(SOURCE MATERIAL begins)

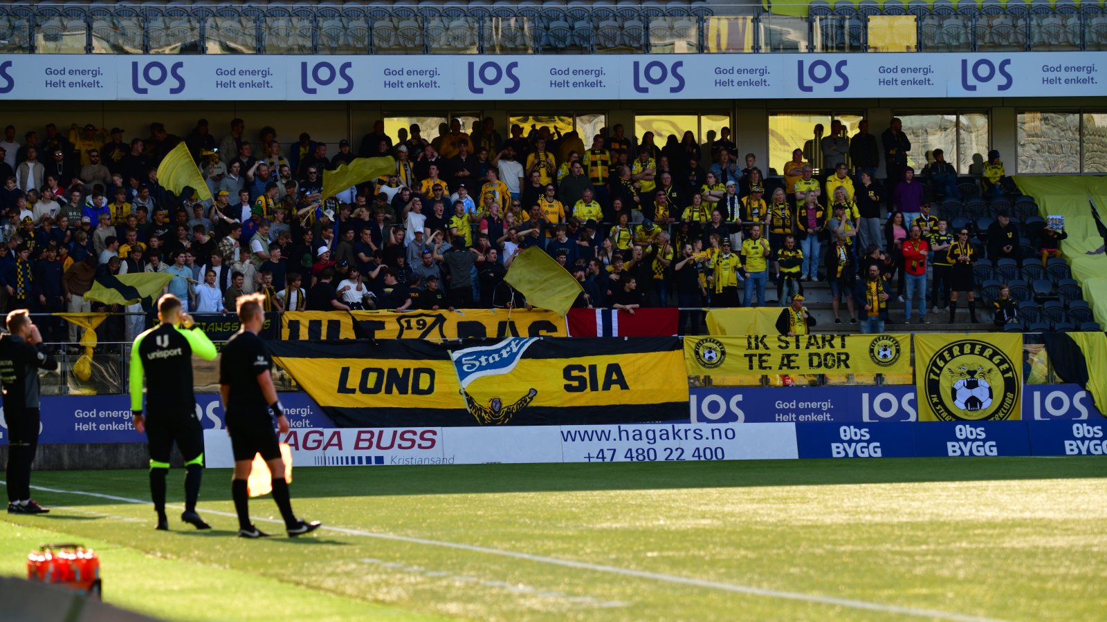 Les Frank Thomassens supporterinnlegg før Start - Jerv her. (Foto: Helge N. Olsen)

(SOURCE MATERIAL ends)
(SOURCE MATERIAL begins)

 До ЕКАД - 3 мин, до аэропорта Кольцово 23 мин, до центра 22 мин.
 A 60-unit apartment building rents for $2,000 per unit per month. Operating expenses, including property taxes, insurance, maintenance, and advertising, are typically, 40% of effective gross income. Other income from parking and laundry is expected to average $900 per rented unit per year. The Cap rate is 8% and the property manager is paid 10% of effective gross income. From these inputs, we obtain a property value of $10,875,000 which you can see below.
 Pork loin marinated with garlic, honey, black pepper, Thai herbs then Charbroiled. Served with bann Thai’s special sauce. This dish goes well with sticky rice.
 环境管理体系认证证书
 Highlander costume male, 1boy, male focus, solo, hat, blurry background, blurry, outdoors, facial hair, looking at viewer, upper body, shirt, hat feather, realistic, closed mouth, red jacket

(SOURCE MATERIAL ends)

■ TRY IT ■
Please give again the lines above between the line holding "До ЕКАД - 3" and the line holding "Highlander costume male, 1boy, male", inclusive, exactly as they are and with nothing added.

■ EXPECTED OUTPUT ■
 До ЕКАД - 3 мин, до аэропорта Кольцово 23 мин, до центра 22 мин.
 A 60-unit apartment building rents for $2,000 per unit per month. Operating expenses, including property taxes, insurance, maintenance, and advertising, are typically, 40% of effective gross income. Other income from parking and laundry is expected to average $900 per rented unit per year. The Cap rate is 8% and the property manager is paid 10% of effective gross income. From these inputs, we obtain a property value of $10,875,000 which you can see below.
 Pork loin marinated with garlic, honey, black pepper, Thai herbs then Charbroiled. Served with bann Thai’s special sauce. This dish goes well with sticky rice.
 环境管理体系认证证书
 Highlander costume male, 1boy, male focus, solo, hat, blurry background, blurry, outdoors, facial hair, looking at viewer, upper body, shirt, hat feather, realistic, closed mouth, red jacket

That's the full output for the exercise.